Action item
If a record contains a picture, skip the picture and transcribe the rest exactly.

↓↓↓

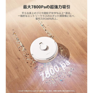 この掃除機は、一般的なエントリークラスのロボット掃除機と比較して吸引力が260%向上した、最大7800Paの吸引力を備えています。平らな床に散らばったゴミや微粒子を99%以上除去可能で、家庭内の清掃を効率的に行います。この強力な吸引力は、特にホコリや細かなゴミが多い環境で威力を発揮します。
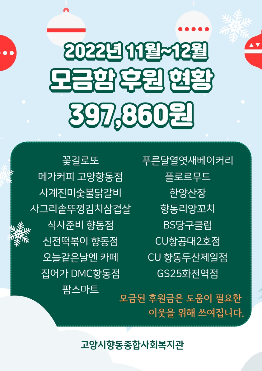 [°í¾ç½ÃÇ⵿Á¾ÇÕ»çȸº¹Áö°ü] 11¿ù~12¿ù ¸ð±ÝÇÔ ÇöȲ
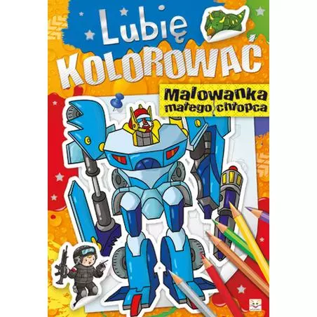 Lubię kolorować. Malowanka małego chłopca Waleczni wojownicy, dinozaury i kosmiczne roboty, czyli zbiór obrazków do kolorowania, które z pewnością spodobają się każdemu chłopcu. Dołączone naklejki uatrakcyjnią dziecku pracę z książką.
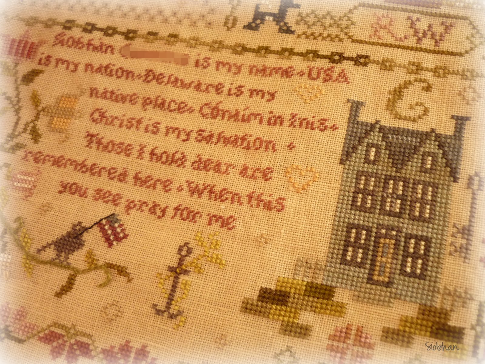 I had so much fun with this sampler, trying to figure out which beloved family member would be featured in each block. I changed the personalization in For Those Recorded Here to reflect more of me as the stitcher of the sampler. The Irish verse relates to the town where we live.
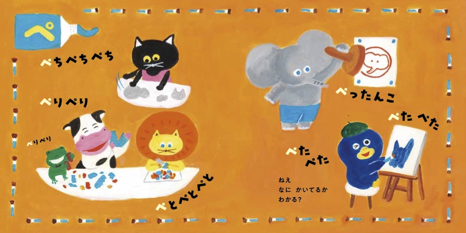 赤ちゃんにとって発音しやすい半濁音「ぱぴぷぺぽ」を、ペンタくんやネコ、ライオン、ゾウなどの仲間たちが見開きで楽しく紹介します。
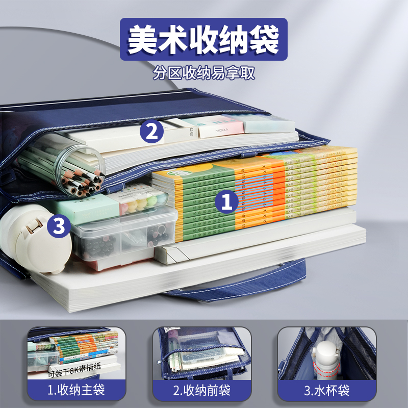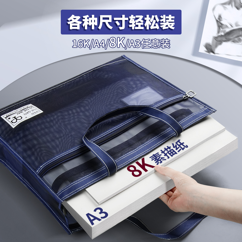 超大a3美术袋8开8k透明网纱文件袋拉链手提袋网格大容量儿童补习袋a4小学生素描画画收纳包分类袋手拎工具包

↑↑↑

Task answer
 この掃除機は、一般的なエントリークラスのロボット掃除機と比較して吸引力が260%向上した、最大7800Paの吸引力を備えています。平らな床に散らばったゴミや微粒子を99%以上除去可能で、家庭内の清掃を効率的に行います。この強力な吸引力は、特にホコリや細かなゴミが多い環境で威力を発揮します。
 [°í¾ç½ÃÇ⵿Á¾ÇÕ»çȸº¹Áö°ü] 11¿ù~12¿ù ¸ð±ÝÇÔ ÇöȲ
 Lubię kolorować. Malowanka małego chłopca Waleczni wojownicy, dinozaury i kosmiczne roboty, czyli zbiór obrazków do kolorowania, które z pewnością spodobają się każdemu chłopcu. Dołączone naklejki uatrakcyjnią dziecku pracę z książką.
 I had so much fun with this sampler, trying to figure out which beloved family member would be featured in each block. I changed the personalization in For Those Recorded Here to reflect more of me as the stitcher of the sampler. The Irish verse relates to the town where we live.
 赤ちゃんにとって発音しやすい半濁音「ぱぴぷぺぽ」を、ペンタくんやネコ、ライオン、ゾウなどの仲間たちが見開きで楽しく紹介します。
 超大a3美术袋8开8k透明网纱文件袋拉链手提袋网格大容量儿童补习袋a4小学生素描画画收纳包分类袋手拎工具包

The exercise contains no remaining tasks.